The goal of this task is to load a set of files and getting famililar with some general features of these files : general properties, and extraction of some words from these files using regular expressions.
library("clue")
## Warning: package 'clue' was built under R version 3.3.3
library("tm")
## Warning: package 'tm' was built under R version 3.3.3
## Loading required package: NLP
## Warning: package 'NLP' was built under R version 3.3.2
script.dir <- "C:\\perso\\Culture generale\\Coursera\\Data_Science\\Cours_10_Data_Science_Capstone\\final"
The files come from a dataset of files provided by the Capstone Dataset. This dataset gathers 3 types of data : blogs, tweets and news, for 4 different languages : German, Finnish, English and Russian.
For this file, we only focus on the english dataset.
# First we get the folder of the current script
#script.dir <- dirname(sys.frame(1)$ofile)
#print(script.dir)
inputfiles.dir <- file.path(script.dir,"en_US")
print(inputfiles.dir)
## [1] "C:\\perso\\Culture generale\\Coursera\\Data_Science\\Cours_10_Data_Science_Capstone\\final/en_US"
# Here we define a function to get the general properties of the file. The full path to the file is an input parameter.
fileInformation <- function(filepath)
{
# First we build a connection to th input file
con = file(filepath,open="rb")
fileRead <- readLines(filepath,skipNul = TRUE,encoding="UTF-8-BOM")
# compute general parameters : file size, number of lines and length of longest line
size_MB <- file.info(filepath)$size/1048576
nbLines <- length(fileRead)
maxLineLength <- max(sapply(fileRead,nchar))
close(con)
# We build the output dataframe, which gather the main file properties for the input file
df <- data.frame(basename(filepath),size_MB,nbLines,maxLineLength)
names(df) <- c("File","size_MB","NbLines","MaxLineLength")
df
}
We can now use this function to determine the parameters of the set of files : size in MB, number of lines and highest length of line (in number of characters).
twitter_info = fileInformation(paste(inputfiles.dir,"en_US.twitter.txt",sep="/"))
blogs_info = fileInformation(paste(inputfiles.dir,"en_US.blogs.txt",sep="/"))
news_info = fileInformation(paste(inputfiles.dir,"en_US.news.txt",sep="/"))
## Warning in readLines(filepath, skipNul = TRUE, encoding = "UTF-8-BOM"):
## ligne finale incomplète trouvée dans 'C:\perso\Culture generale\Coursera
## \Data_Science\Cours_10_Data_Science_Capstone\final/en_US/en_US.news.txt'
print("General information on input files")

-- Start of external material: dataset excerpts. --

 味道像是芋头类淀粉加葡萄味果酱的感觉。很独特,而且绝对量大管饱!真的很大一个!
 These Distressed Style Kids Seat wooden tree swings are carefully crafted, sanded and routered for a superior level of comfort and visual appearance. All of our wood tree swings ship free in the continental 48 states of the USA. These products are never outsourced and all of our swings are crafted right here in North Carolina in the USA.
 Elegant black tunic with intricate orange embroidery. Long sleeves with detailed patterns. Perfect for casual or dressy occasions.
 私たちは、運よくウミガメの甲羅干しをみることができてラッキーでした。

## [1] "General information on input files"
df_files <- rbind(twitter_info,blogs_info,news_info)
df_files
## File size_MB NbLines MaxLineLength
## 1 en_US.twitter.txt 159.3641 2360148 213
## 2 en_US.blogs.txt 200.4242 899288 40835
## 3 en_US.news.txt 196.2775 77259 5760
Here we will focus on the tweets, to get the tweets corresponding to input keywords.

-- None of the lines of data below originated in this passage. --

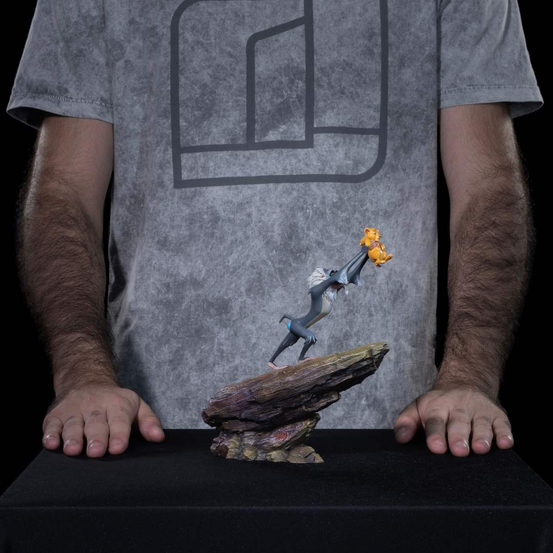 In den Pride Lands, in Afrika, versammeln sich Hunderte von Tieren rund um den Pride Rock, eine Kanzel aus Felsen, die vom Herrscher genutzt wird, um auf die Bitten seiner Untertanen zu antworten und für Feierlichkeiten. Für alle Anwesenden hebt Rafiki, der weise Schamane Mandrill und Berater des Königreichs, in seinen Händen den kleinen Simba, den neugeborenen Prinzen und Erben des Königreichs, und präsentiert ihn den versammelten Tieren. Indem sie eine der eindrucksvollsten Szenen aus dem 32. Walt Disney Animationsklassiker Film nachstellen, präsentieren Iron Studios die Statue „König der Löwen - Disney-Klassiker 100 Jahre – Art Scale 1:10“, einen weiteren ausgezeichneten Klassiker, der vom National Film Registry der U.S. Library of Congress als kulturell, historisch oder ästhetisch bedeutend ausgewählt wurde, und der ihre Reihe von Statuen ergänzt, die 100 Jahre Disney von Iron Studios feiern.
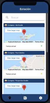 Después de terminar el tutorial o iniciar sesión (para usuarios registrados), el APP se redirige a la pantalla de estaciones, que tienen el respectivo nombre y la ubicación. Si se prefiere, se puede hallar una estación específica mediante el campo de búsqueda.
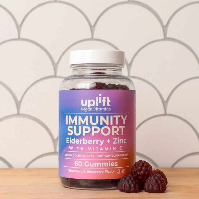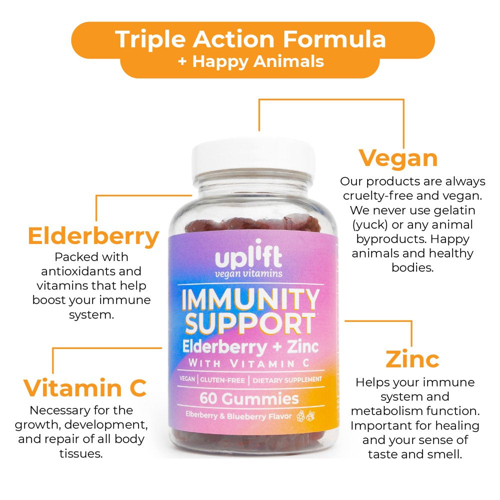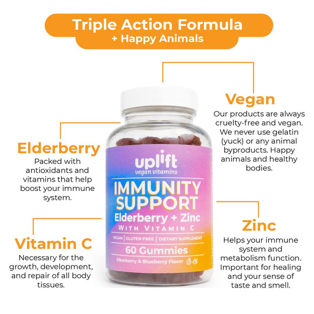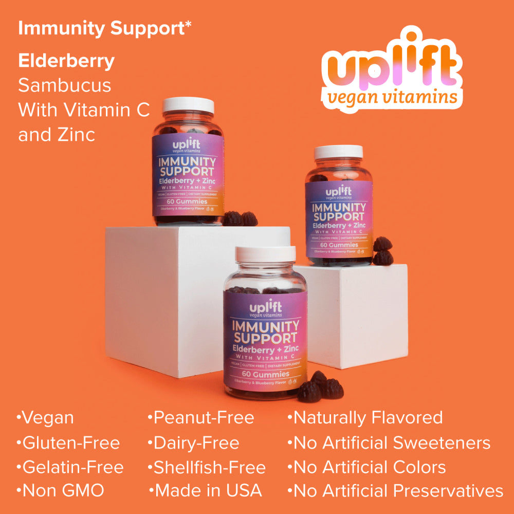 Uplift Immunity Vegan Gummies, Elderberry, Zinc, Vitamin C, 60 Ct Immune Support - Gluten-Free, Non GMO
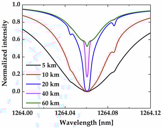 In order to better follow the spectral shape development as a function of tangent height, a close-up of one of these lines (red in Figure 11) is shown in Figure 12 after normalization to the maximum intensity (the asymptotic value). As can be seen, the absorption lines are very broad at tangent heights of 5 and 10 km because of the atmospheric scattering from low altitudes, where collision broadening dominates. At tangent heights higher than 20 km, the whole line shape becomes a superposition of two components: (1) a narrow one, which is sensitive to the atmospheric condition at the tangent point, and (2) a much broader component, which is contributed by the reflection and scattering taking place near the ground and the lower atmosphere.
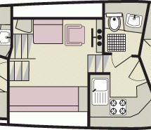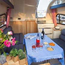 The living area of this houseboat consists of 2 cabins and accommodates 4 people. A shower is at the guests' disposal and there are 2 toilets on board.
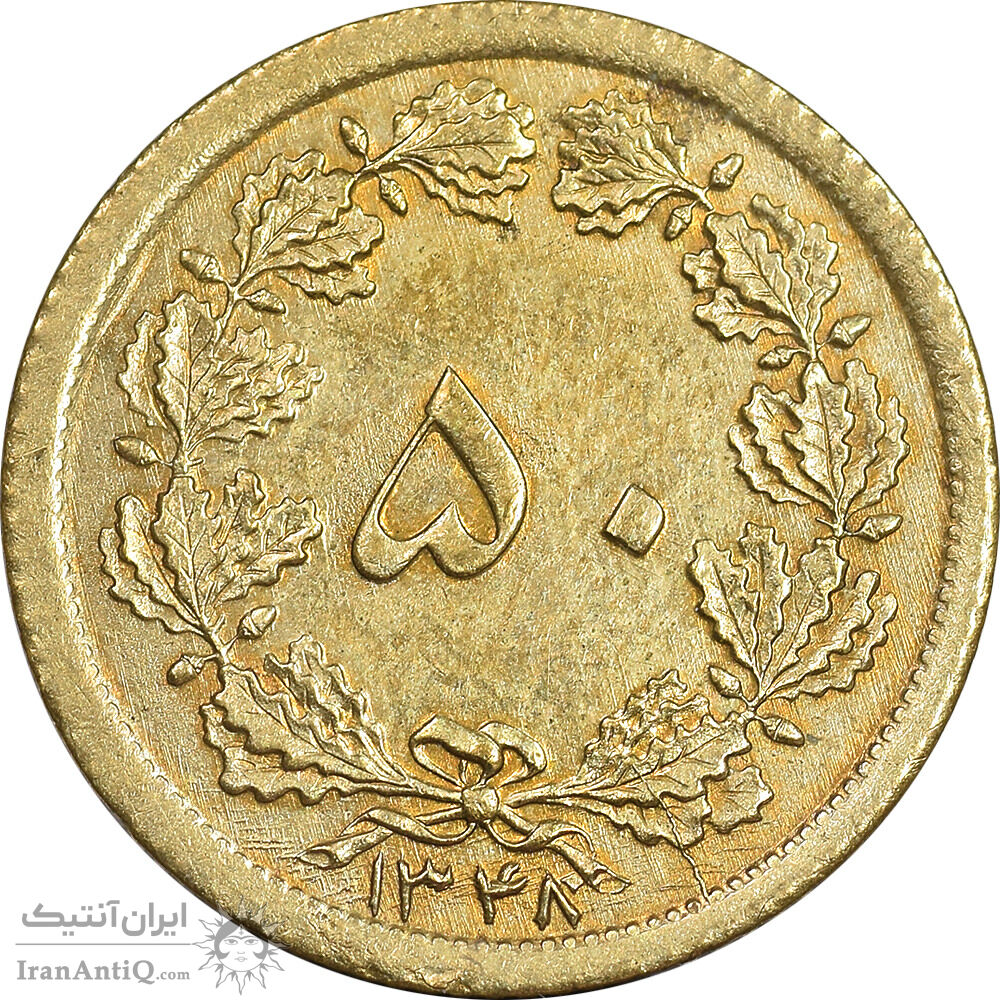 سکه 50 دینار 1348 برنز - AU58 - محمد رضا شاه
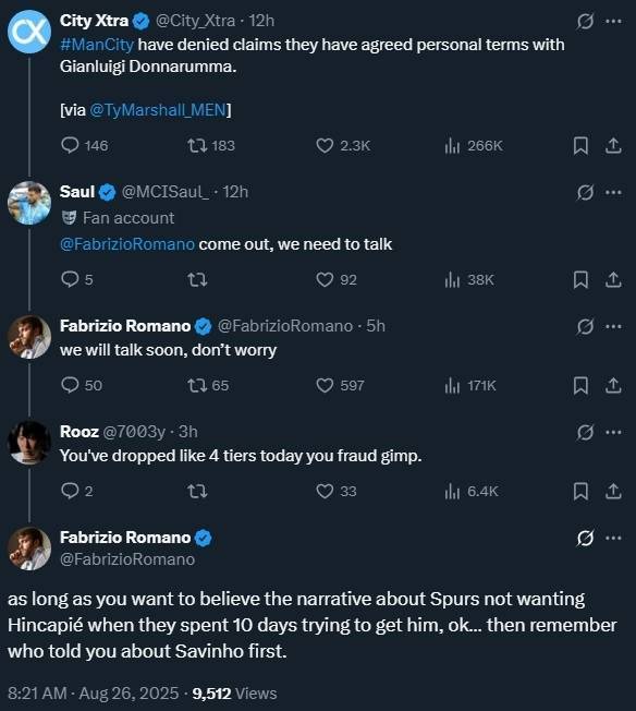 直播吧8月26日讯 名记罗马诺今天在推特发文,回应球迷质疑。

MatchTweets <- function(filepath)
{
con = file(filepath,open="rb")
fileRead <- readLines(filepath,skipNul = TRUE,encoding="UTF-16LE")

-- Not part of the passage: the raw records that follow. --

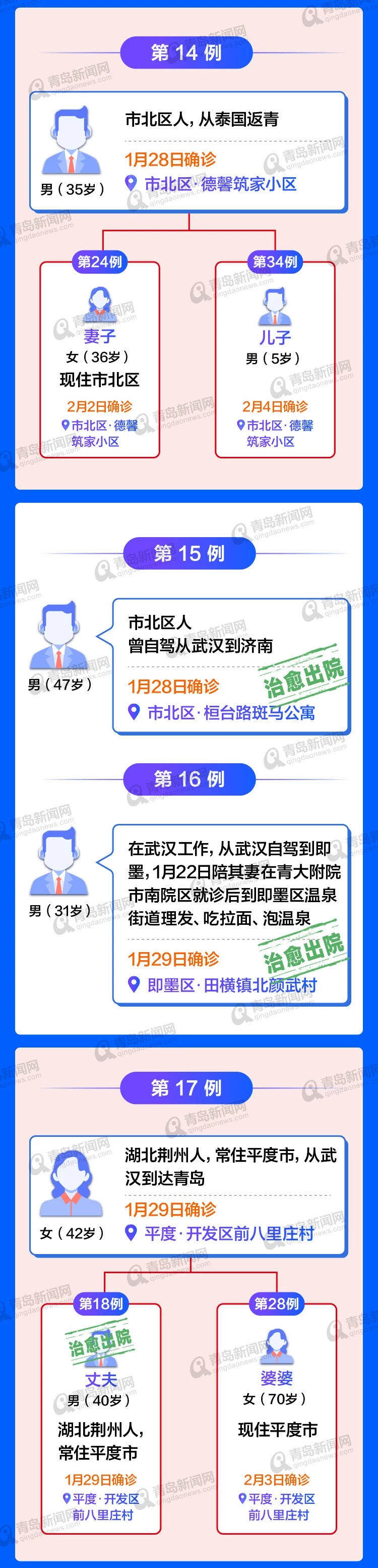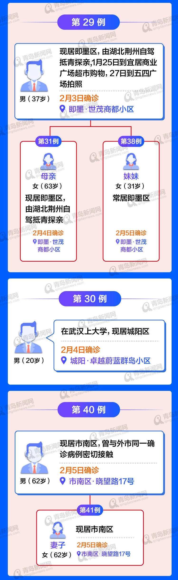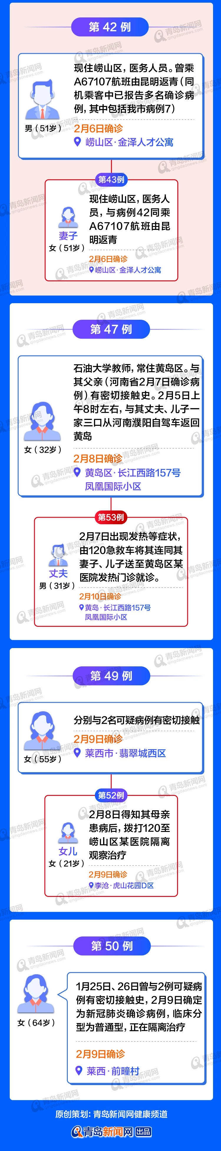 截至2月11日24时青岛确诊病例53例(均为输入性病例)其中多起家庭聚集性疫情,特将图谱奉上居住地址公布。
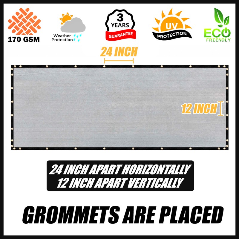 - ⚑ installation: edges are finished with heavy duty black binding and stainless brass Grommets, 4 grommets in each corner, other grommets are placed evenly along the edges, 12" Apart on vertical edges, 24" Apart on horizontal edges.
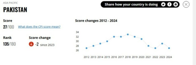Corruption Perception Index 2024: Pakistan’s rank slides 2 places
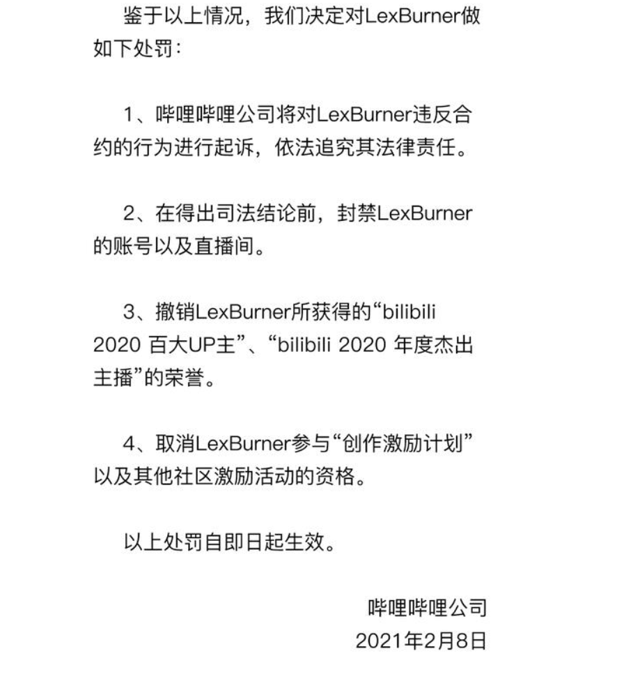 首先是起诉,追究其不当言论对于社区的影响,其次在得出结论之前封禁账号和直播间。撤销他在去年得到的两个奖项“bilibili2020百大UP主”以及“bilibili2020年度杰出主播”的荣誉。取消所参加的“创作激励计划”以及其他社区激励活动的资格。前三条都好理解,最后一条就是取消在B站能够得到收益的权利。

# Checks only done for the tweets
if (grepl("twitter.txt",filepath)) {
ratio = 0
# find word "love" and "hate" in the tweets
match_love <- grep("love",fileRead,perl=TRUE)
match_hate <- grep("hate",fileRead,perl=TRUE)
if (length(match_hate)!=0) {
ratio = length(match_love) / length(match_hate)
print(sprintf("ratio love vs hate = %f",ratio))
}
# display the twwet related to biostats
match_biostats <- grep("biostats",fileRead,perl=TRUE,value=TRUE)
print(match_biostats)
match_tweet2 = grep("A computer once beat me at chess, but it was no match for me at kickboxing",fileRead,perl=TRUE)
print(sprintf("number of tweets : %d",length(match_tweet2)))
}
close(con)
}
GetTweets <- MatchTweets(paste(inputfiles.dir,"en_US.twitter.txt",sep="/"))
## [1] "ratio love vs hate = 4.108592"
## [1] "i know how you feel.. i have biostats on tuesday and i have yet to study =/"
## [1] "number of tweets : 3"
The data are issued from HC Corpora, which contains file sets in several languages (english, german, finnish and russian). For each language, we have 3 files : tweets, blogs and news.
The common issues are the presence of non-standard ASCII characters. Furthermore, texts can contain information in different languages. We need to know which language is the most probable : this is important to get the most probable language, because it will determine which stopwords to remove.
A raw analysis will consist in splitting the text in single words, and counting the number of occurrences of each word in the text. By sorting the number of occurrences in decreasing order, this will give us the words that are most frequently used.
A further analysis will consist in creating words associations. These associations are called NGrams. These NGrams are sequences of N words, that gives us information about the contexts in which the words appear.